PD Editorial: There's no reason to fear immunization

  • 9/13/2010: B6:

    PC: Nurse practitioner Pat Kavanaugh administers a shot to Jesse Fernandez to vaccinate him against whooping cough at the Sonoma County Public Health booth at the Santa Rosa Downtown Market on Wednesday, June 30, 2010.

The evidence keeps mounting: Vaccines don't cause autism. They don't cause diabetes. Side effects are rare and seldom life-threatening.

In short, vaccines aren't a health threat — unless you don't get them.

The latest assurance came last week from the Institute of Medicine, an arm of the prestigious National Academy of Sciences. Its independent panel of medical experts examined more than 1,000 research studies and concluded that the benefits of immunization against measles, whooping cough and other communicable diseases outweigh any risks.

"We have a lot of evidence that vaccines save lives and avert a lot of suffering," Ellen Wright Clayton, a professor of pediatrics and law at Vanderbilt University who chaired the review committee, told the Washington Post.

Immunization rates have been declining, driven at least in part by a report linking childhood vaccinations to autism. The report has been refuted as a fraud and retracted, but the debate about vaccination has continued.

Meanwhile, public health officials are reporting outbreaks of infectious diseases that had become exceedingly rare because of immunizations.

In the United States, this has been the worst year since 1996 for measles, according to the Centers for Disease Control and Prevention. Large outbreaks also have been reported in Africa and Europe.

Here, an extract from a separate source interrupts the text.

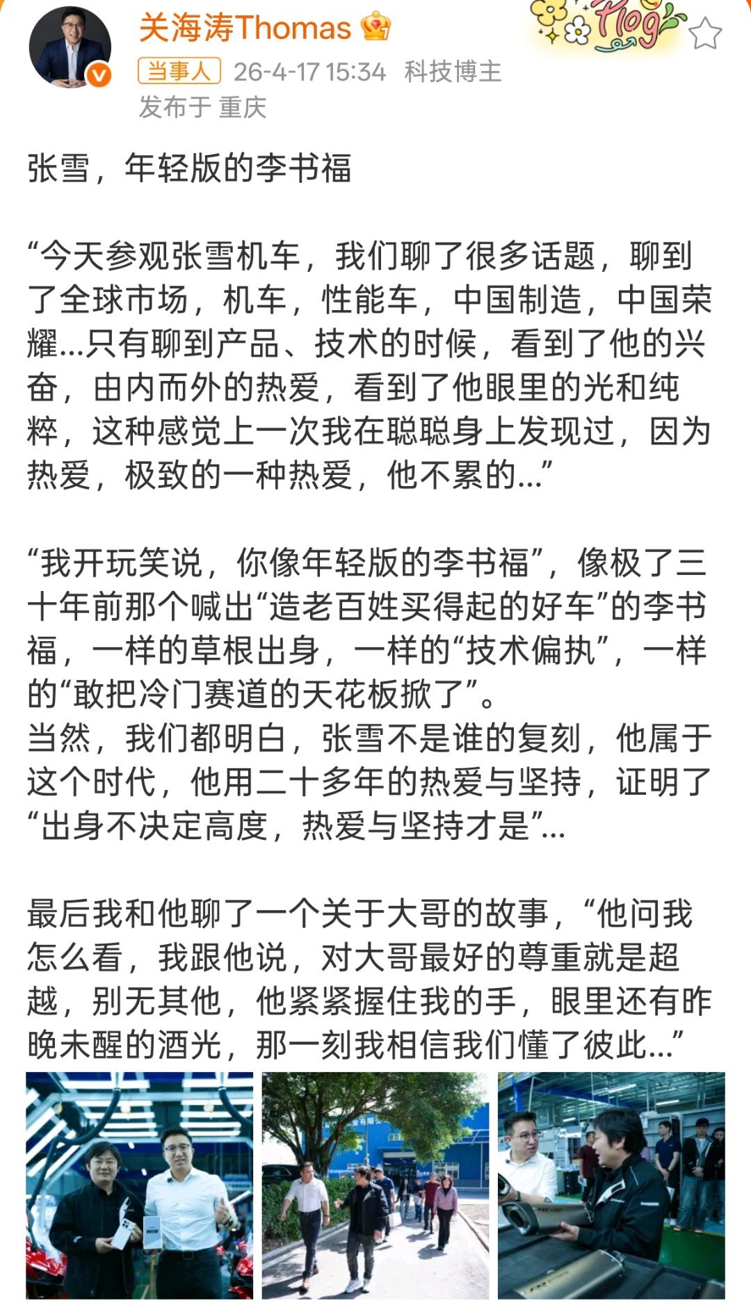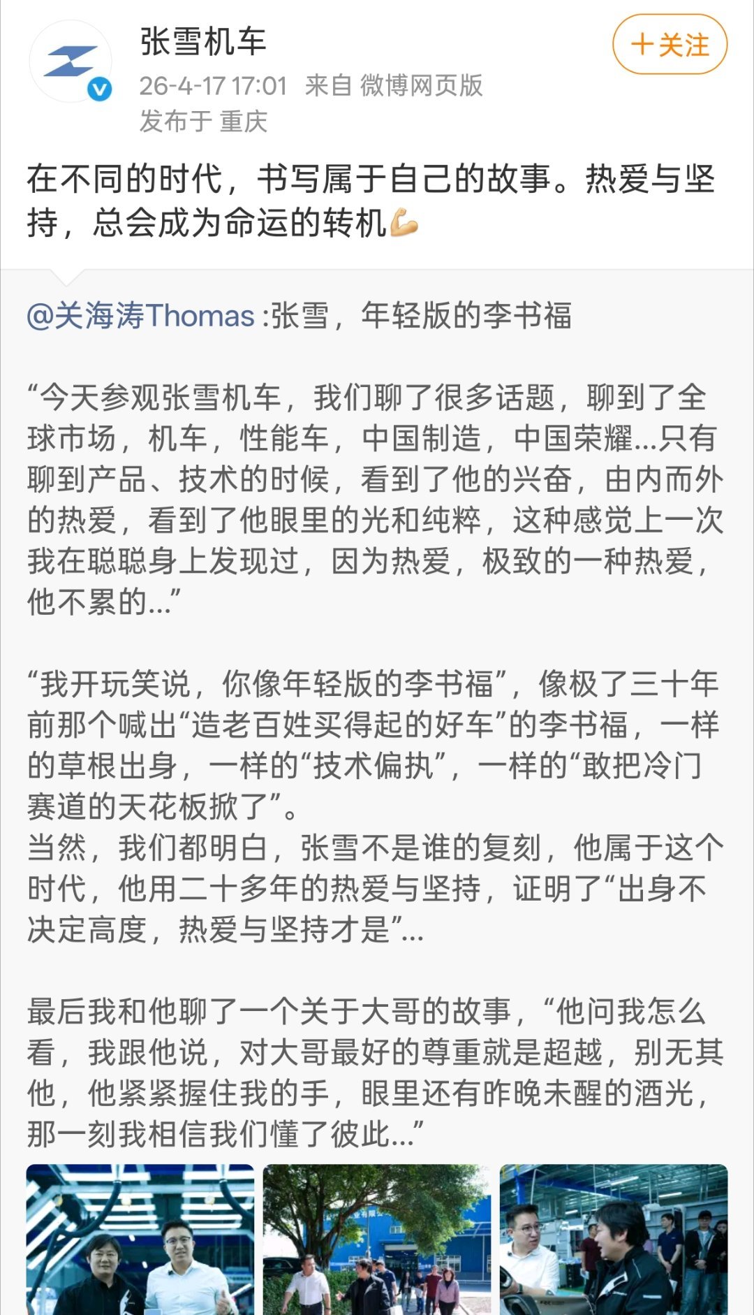 荣耀高管称张雪是年轻版的李书福“在不同的时代,书写属于自己的故事。热爱与坚持,总会成为命运的转机”荣耀给张总送上了全家桶。双方官宣联手之后,期待更多的动作。港真,荣耀也在很努力去做产品,去开拓海外市场。张雪机车一直在坚持自己的热爱,去打造更极致的产品。期待更多的中国品牌,一起联手,向世界展示更多的中国力量

Last year, California suffered its worst outbreak of pertussis, or whooping cough, in 67 years, with more than 8,200 cases and 10 deaths. All but one of the 10 fatalities were infants less than 8 weeks old, meaning they were too young to be immunized. Their families never had the choice.

Because the pertussis vaccine wears down after about 10 years, a new state law requires all students entering seventh through 12th grade to have a booster. A 30-day grace period ends this month, so if you're children haven't been inoculated, act quickly or they could be suspended from school. Worse, they could be at heightened risk of a painful disease sometimes called the 100-day cough.

Vaccinations are available at physicians' offices, many pharmacies and even some school clinics.